The acquisition strengthens SSH’s position as a provider of secure networking and messaging solutions that safeguard key national cybersecurity interests and offer security-critical networking, encryption, and other solutions to the public sector in a coordinated manner. The acquisition also supports SSH’s aim to build a core national cybersecurity and cryptography competence center around its NQX business.

After closing, Deltagon becomes a subsidiary of Kyberleijona and part of the SSH group. SSH will consolidate Deltagon in its accounts as a subsidiary.

The acquisition is expected to close during the first half of 2021, subject to regulatory approvals and fulfillment of customary closing conditions.

Acquisition price and structure

The total acquisition price is approximately EUR 15.4 million. The cash flow impact of the acquisition price to SSH is EUR 10 million over the next four years.

The parties have also agreed on an earnout payment of no more than EUR 1.3 million, subject to certain conditions being fulfilled in the three year period after the acquisition.

About Deltagon

Deltagon Oy develops and sells secure messaging and transaction solutions to various industries, including finance and the public sector. A majority of Deltagon’s revenue is generated from the secure email messaging solution Sec@GW which is certified by the National Cyber Security Authority at the Finnish Transport and Communications Agency (NCSA-FI) for protecting classified information according to Finnish national (FI) ST III and ST IV security requirements.

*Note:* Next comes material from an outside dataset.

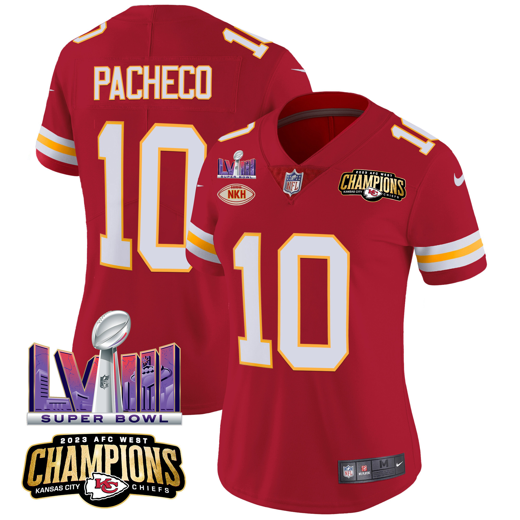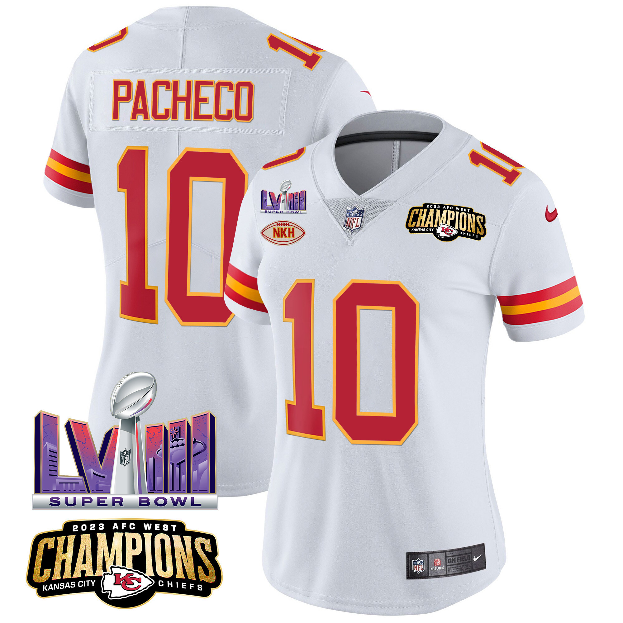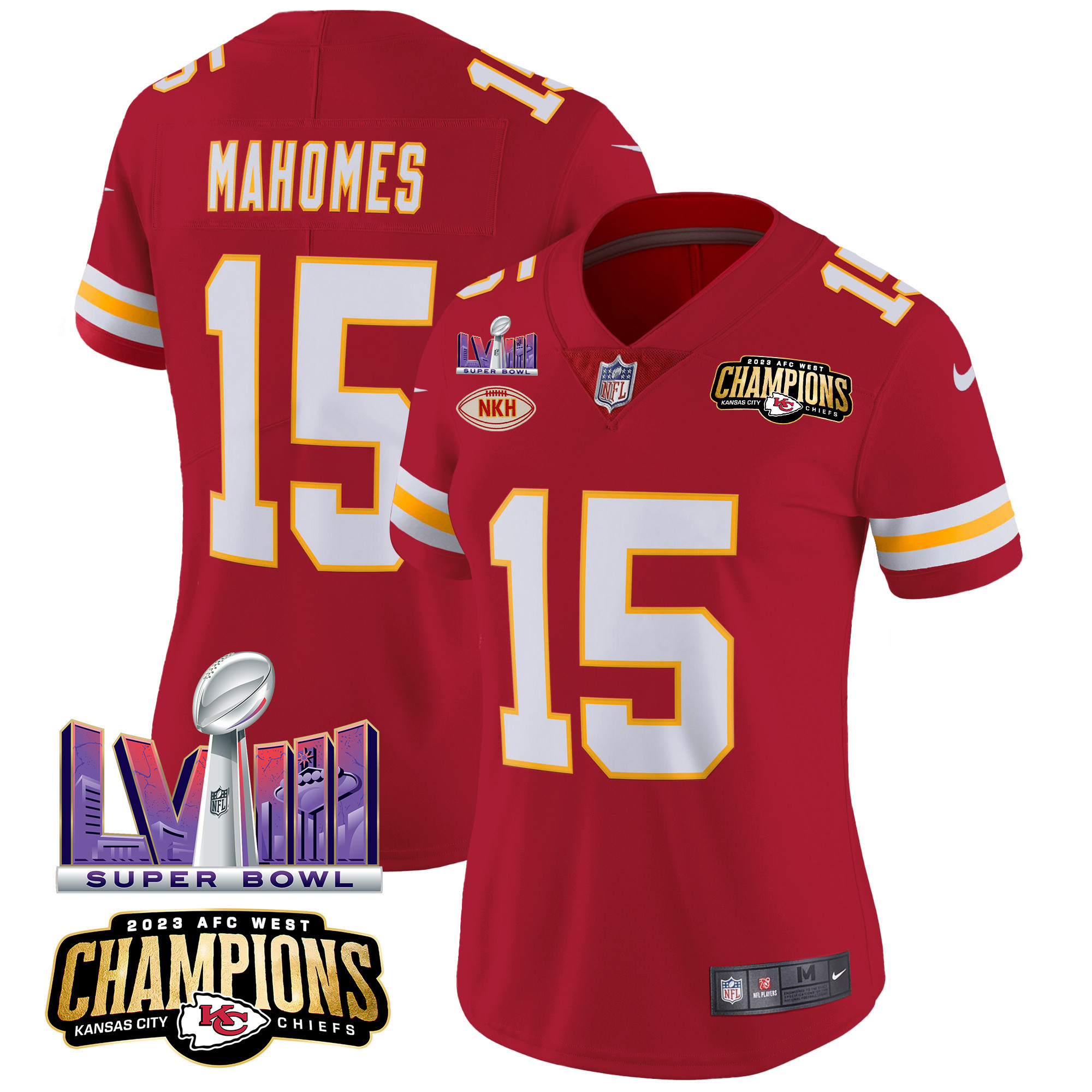 Women’s Kansas City Chiefs AFC West Champions & Super Bowl LVIII Patch Vapor Jersey – All Stitched

The revenue of Deltagon Oy is estimated to be approximately EUR 4.7 million in 2020. Operating profit adjusted for calculatory intra-group service charges is estimated to be approximately EUR 2.5 million. The company has no debt apart from customary accounts payable and deferred liabilities items.

Deltagon’s business is primarily subscription-based, creating stable free cashflow. Because of the relatively small capitalization base, the free cashflow correlates closely with operating profit.

Deltagon’s revenue has grown steadily over the long term. The average growth for the past seven years has been 16 percent per annum, and the growth is expected to continue robustly.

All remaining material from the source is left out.